Google paid tribute to Gerald “Jerry” Lawson on Thursday by featuring the video game pioneer as the subject of a Google Doodle. Dec. 1 would have been Lawson’s 82nd birthday.
Lawson, a Brooklyn-born electronic engineer, was the innovative mind behind the advent of video game cartridges. The Doodle tells his story by allowing the user to play six “demake”-style video games as well as edit them.
Once entering the Doodle, users interact as a rendering of Lawson in a game-play tutorial. Moving him from checkpoint to checkpoint using computer arrow keys, descriptions of his career milestones are activated.
“Jerry got his start building arcade games in his garage for fun,” it said. “He soon became one of the first Black engineers to work in the video game industry,” another read. “In 1976, Jerry led the team that developed the revolutionary first video game cartridge.”
Lawson began working for Fairlight Semiconductor in 1970 and worked his way to becoming chief hardware engineer, according to Polygon. It was Lawson’s idea to develop and launch swappable ROM cartridge-based games for Fairchild’s Channel F game console. Prior to that, games were encoded straight into the consoles.
From then, cartridge-based technology became the industry norm for consoles like Atari, Nintendo, and Sega.

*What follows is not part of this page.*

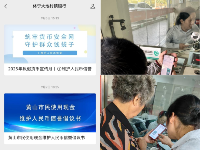 使用本行微信公众号转发各级人民银行发布的相关宣传资料、发布黄山市民使用现金维护人民币信誉倡议书,组织引导公众参与人行开展的反假货币知识网络竞答活动。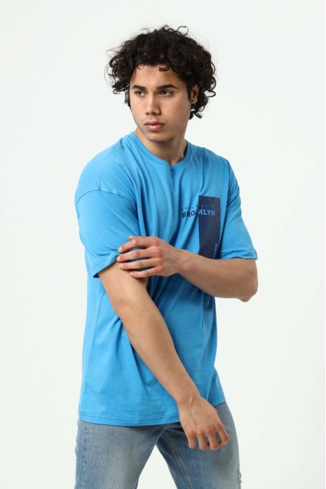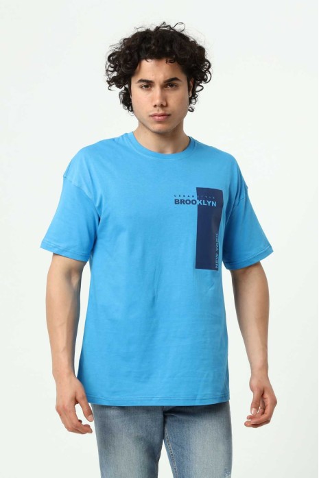 Brooklyn Mavi Erkek Bisiklet Yaka Oversize Kısa Kollu Baskılı T-Shirt

According to Google, an all-Black team of two guest artists, Lauren Brown and Davionne Gooden, and game designer Momo Pixel worked together to bring Lawson’s Google Doodle to life. After designing and programming one of the games, Gooden, a Cleveland-based game developer, told Polygon he hopes people using it learn more about Lawson’s accomplishments and get a sense of what it’s like to be a game developer.
“When people see and try this doodle, I really want them to walk away feeling like they can actually make their own game,” Gooden said in a Google mini-doc. “Express yourself! Look into Jerry Lawson, who he actually was, his contributions to the gaming industry and beyond.”
Those contributions included launching “one of the earliest Black-owned video game development companies,” VideoSoft, which notably created software for the Atari 2600, according to Google. Lawson died in 2011; but one month before his death, he was honored for his career by the International Game Developers Association. He is also the namesake of a fund for aspiring yet underrepresented gaming students at the University of Southern California and has been inducted into the World Video Game Hall of Fame in Rochester, N.Y.